On December 9, 2022, Karim Zidan wrote an article for The Guardian where he opined that the UFC only has itself to blame for the betting controversy. In stark contrast to other major sports entities, the UFC does not prohibit insiders – such as coaches, managers, handlers and medical professionals – from betting on its fights. The AGCO also blamed the UFC for being the reason they had to ban gambling on any UFC fight, citing the same lack of policies. Prior to an amendment to its code of conduct on October 17, 2022, less than one month before the Minner and Nuerdanbieke fight, the UFC did not have any restrictions on fighters and their teams from betting on fights whatsoever, including their own. Zidan also wrote that the UFC's "mistreatment of its fighters" helped create the conditions for the betting scandal, as its underpaid and under-insured fighters must seek alternative sources of income. On January 19, 2023, the UFC amended their code of conduct policy to prohibit "an athlete's coaches, managers, handlers, athletic trainers, and other individuals affiliated with the athletes or UFC" from gambling on any UFC match. The AGCO reinstated betting on UFC fights that same day as a result of the change.

==2025==
===Alleged match-fixing controversy===

During the UFC Fight Night: Garcia vs. Onama on November 1, 2025, held at UFC Apex in Enterprise, Nevada, betting lines for featherweight fighter Isaac Dulgarian shifted dramatically just before, and during, his bout against Yadier del Valle. Dulgarian, whom was initially listed as a heavy favorite, saw his odds drop significantly during the fight and some sportsbooks removed the prop bets surrounding the fight like betting on a first-round finish. The irregular betting lines raised suspicion across the MMA community the following day.
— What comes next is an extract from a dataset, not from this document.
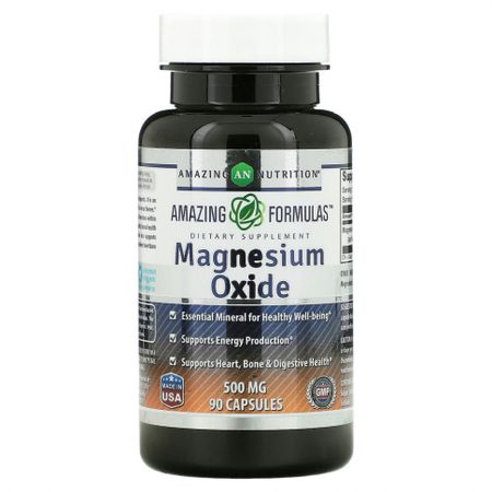 Пищевая ценностьРазмер порции: 1 капсулаПорций в упаковке: 90 Количество в 1 порции% от суточной нормыМагний (в виде оксида магния)500 мг 125% СН — суточная норма Amazing Formulas™Пищевая добавкаНезаменимый минерал для здорового самочувствияПоддерживает выработку энергииПоддерживает сердце и кости & Здоровье пищеварительной системыНадлежащая производственная практика (GMP) Качественный продукт Предприятие подконтрольно Управлению по санитарному надзору за качеством пищевых продуктов и медикаментов (FDA)Мы уверены, что Amazing Nutrition® — залог здорового образа жизни. Мы рады предложить вам лучший выбор продуктов, которые идеально подходят для здорового питания и активного образа жизни. Оксид магния получают из древних океанических отложений. Это важный минерал в нашем организме, примерно половина которого находится в наших костях. Оксид магния является кофактором многих важных функций организма, поддерживая выработку энергии, здоровье сердца, костей и здоровое функционирование организма. Оксид магния также поддерживает здоровье пищеварительной системы, он может работать как антацид при изжоге и как слабительное при запоре.

On November 4 the UFC issued a statement regarding the irregular betting patterns: "Like many professional sports organizations, UFC works with an independent betting integrity service to monitor wagering activity on our events... Our betting integrity partner, IC360, monitors wagering on every UFC event and is conducting a thorough review of the facts surrounding the Dulgarian vs. del Valle bout on Saturday, November 1." Adding, "We take these allegations very seriously, and along with the health and safety of our fighters, nothing is more important than the integrity of our sport." Dulgarian was released from the UFC the day after the event, while the Nevada State Athletic Commission (NSAC) withheld his entire fight purse.

Speaking to TMZ, UFC President Dana White later stated that he was alerted by sports betting watchdog Integrity Compliance 360 (IC360) of abnormal betting interest between Yadier del Valle and Isaac Dulgarian. Following the fight, White immediately contacted the Federal Bureau of Investigation (FBI). An FBI investigation is still ongoing.